The anxiety returned full force. Charlotte knew they’d only been walking for a few minutes, but this trek through the vast field of mud seemed endless. It felt like she was marching through some extended nightmare to her death. The wind rose up, flinging the salty smell of the ocean into her face.
She thought of Tulip’s ashen eyes, and Éléonore’s charred body, and George’s haunting voice. “Please, Mémère . . .”
She would stop it. No matter how much it cost her.
An eternity later, the marsh gave way to sandy dunes rough with clumps of sea-oat grass and blanketed with patches of short, creeping grass with wide leaves. Thin spires, like the stamens of a water lily, rose between the leaves, glowing with green, and as the breeze touched them, they swayed, sending dots of brilliant emerald into the night.
“Don’t step on those,” Miko said next to her. “That’s fisherman’s trap grass. It will burn your legs.”
They crossed the dunes and finally stepped onto the beach. In front of her, the ocean stretched, dark and menacing. To the left, the coast curved, forming a small peninsula, cutting off her view with trees. To the right, the distant turquoise lights of Kelena shimmered, like a mirage above the water.
“Three torches,” Richard said. “One in front, two in the back, about twenty feet apart.”
A “slaver” on her right slid off his horse, took three torches out of his saddlebag, ran forward, thrust the first torch into the sand, and lit it.
“It’s a dark night,” Jason said.
“Dark works for us,” Richard said.
The third torch flared into life. They waited.
The dog strayed back, the chain stretching, and licked her hand.
The dark silhouette of a brigantine slid from behind the peninsula.
GEORGE lay on his stomach atop a sand dune. A small black box rested on the sand in front of him. Below, the false slavers and their “captives” waited on the beach. In the distance, the brigantine dropped anchor. It was a Weird-style ship, with six segmented masts that rose in a semicircle from the deck, like the wings of a water bird about to take flight. The masts bore panes of gray-green sails. In the open sea, the sails melted against the sky, making the ship harder to see.
Mémère was dead.
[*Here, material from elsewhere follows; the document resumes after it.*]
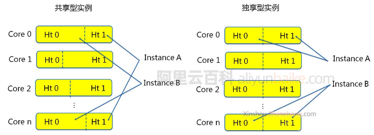 阿里云百科来详细说下共享型云服务器和独享型云服务器的CPU调度模式区别如下图: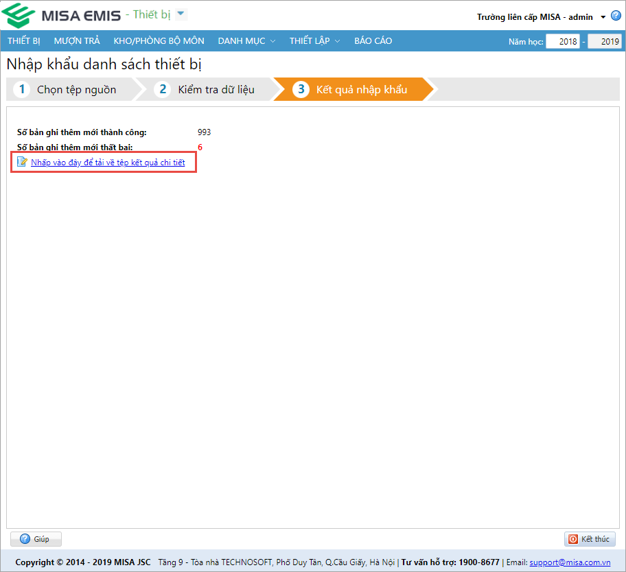 9. Phần mềm thông báo kết quả nhập khẩu. Ngoài ra, có thể nhấn Nhấp vào đây để tải về tệp kết quả chi tiết để xem nguyên nhân nhập khẩu thành công hoặc không thành công.

It had been six months since he’d last seen her. She had come up to visit for a week at Midwinter. He remembered her face as if he’d seen her yesterday. He remembered her smile. The scent of lavender that always floated around her. He knew that scent so well, that years later catching a whiff of it calmed him down.
When he was younger, Mémère was a constant presence in his life. He barely remembered his mother. She was a distant smudge in his memory. He recalled his father better, a large, funny man. When he was eight, he was invited to a friend’s house in the Broken. He was given a choice of movies to watch, and as he flipped through the cases, he saw a man in a leather jacket and a wide-brimmed hat, holding a whip. The title read Raiders of the Lost Ark. He’d read the description and realized that this strange man, Indiana Jones, did the same thing his father did. He hunted treasure.
He’d watched the movie twice in a row, which was probably why he was never invited back. But as he’d grown older, maturity had given him a new perspective. His father wasn’t Indiana Jones, no matter how much he wanted it to be true. His father had abandoned them when they needed him most, forcing Rose to take on all the responsibility of caring for them. There were days she’d come home so tired she could hardly move—once she even fell asleep in the kitchen while peeling potatoes.